Institutions with a signed Google Distribution Agreement

The following institutions have signed a Distribution Agreement with Google for controlled use of texts.

  • Arizona State University
  • Boston University
  • Carnegie Mellon University
  • Clemson University
  • Columbia University
  • Cornell University
  • Dartmouth College
  • Georgetown University
  • Georgia Institute of Technology
  • Harvard College
  • Indiana University
  • Lehigh University
  • McGill University
  • Michigan State University
  • Northeastern University
  • Pennsylvania State University
  • Princeton University
  • Purdue University
  • Queen's University at Kingston
  • San José State University
  • Stanford University
  • State University of New York at Stony Brook
  • Texas A&M University
  • University of California
  • University of Chester
  • University of Chicago
  • University of Colorado
  • University of Illinois
  • University of Iowa
  • University of Massachusetts, Lowell
  • University of Michigan
  • University of Oxford
  • University of Toronto
  • University of Vermont
  • University of Virginia
  • University of Waikato
  • Westfälische Wilhelms-Universität Münster (University of Münster)
  • Yale University

    Deletion notifications

    Occasionally we determine that items have erroneously been identified as public domain. When this happens we close the item and update the rights status of volumes in the public domain datasets. Dataset recipients are then responsible for deleting those items from their dataset. Dataset recipients are added to an email list, from which they receive emails when there are files to delete. It is HathiTrust’s expectation that you will remove them from your dataset, and this requirement is stipulated in the agreements signed by each recipient.

    HathiTrust expects that you will either continue with the deletions for the long term, or delete the entire dataset from your machine. If you want to stop receiving the deletion notifications, then you can delete the dataset and let HathiTrust know by emailing feedback@issues.hathitrust.org.

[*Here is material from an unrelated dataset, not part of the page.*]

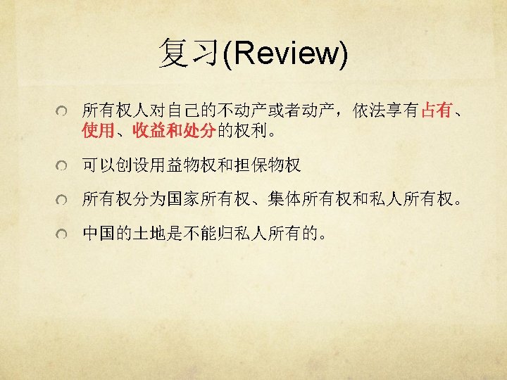 用益物权: 占有(possess)、使用(use)、收益 (seek profits) 所有权:占有(possess)、使用(use)、收益(seek profits)、处分(dispose)

    Retrieving Datasets via rsync

    Datasets are retrieved using rsync.

    During the dataset approval process, you must provide a static non-NAT IP address in order for us to grant access to retrieve datasets using the rsync command line tool.

    Once the IP address is configured for access, you may follow these instructions to rsync the dataset. For those syncing a subset of volume, the instructions include steps to generate the file paths for volumes based on their HathiTrust ID.

    Most of the options in the gist are necessary, but a few are optional. For example, you could use the option --verbose only on updates to get a list of what changed. Please contact HathiTrust if you want more information about the options.

    It's possible that rsync will report errors, and quite likely that most will be harmless. We do not have a catalog of likely errors, so if you receive some, please forward them to us.

    Depending on the size of your dataset, the initial rsync may take up to a day or more. One benefit of rsync is that if the process is terminated, you will not waste time transferring the same information again when you restart the sync. It will pick up where it left off, after comparing the source and target files.We update the datasets regularly as new materials are updated to HathiTrust. If you have a download in progress while we make an update to a dataset, your rsync will be terminated. To recover, simply restart rsync. It will spend time comparing the source and destination trees, but it will not waste time downloading anything already present on the destination.

    Data format

    Once you sync the dataset, you will find a directory for each namespace at the top level, a file containing a list of the volume IDs in the dataset (id), and one or more files containing the bibliographic data for the items in the dataset (meta*.json.gz).

    The directory tree under each namespace is in pairtree format based on the HathiTrust volume IDs. Tools to help with pairtree usage can be found at https://confluence.ucop.edu/display/Curation/PairTree. Data for any given volume is found at the end of a pairtree directory structure created using the HathiTrust IDs.

    For each item there are two files, a metadata file (<id>.mets.xml) and a zip file with the page text files (<id>.zip).

    If you need more information about the files or file structure, let us know (feedback@issues.hathitrust.org).

    Other policies and procedures

    Dispersed research teams

    If the primary researcher on the request is from an institution with a signed Google Distribution Agreement and/or inside the U.S. and another team member is not:

    • The data with the higher approval level may be rsynced only to the primary researcher
    • Others on the project team can be allowed access to the data by the primary researcher, but only without moving the data off the servers of primary researcher. There may be no redistribution of the data, and no copying or moving of the data to the servers of the other research team members located in other jurisdictions.
    • If the research team cannot agree to this, we will authorize the entire team for the lower access level only (e.g., non-Google Digitized, or public domain worldwide items).

    Sharing results

    Dataset recipients are welcomed to share the results of any research outcomes from their use of the dataset.

    Preferred citation format

    The citation should contain a few key components:

    • An author name. If you are using a full dataset
    • Recognition of that the data was received from HathiTrust.
    • A title describing your dataset.
    • If you are working with a subset of volumes, link to the HathiTrust collection, HTRC workset, or volume ID list that corresponds to your dataset.
    • An access date.

    HathiTrust. TITLE DESCRIBING YOUR DATASET. Distributed by HathiTrust (https://www.hathitrust.org/datasets). LINK TO COLLECTION/WORKSET/VOLUME ID LIST. Accessed DATE.

    Example for dataset corresponding to HathiTrust collection:
    HathiTrust. Adventure Novels: G.A. Henty. Distributed by HathiTrust (https://www.hathitrust.org/datasets). https://babel.hathitrust.org/cgi/mb?a=listis;c=464226859. Accessed December 1, 2019.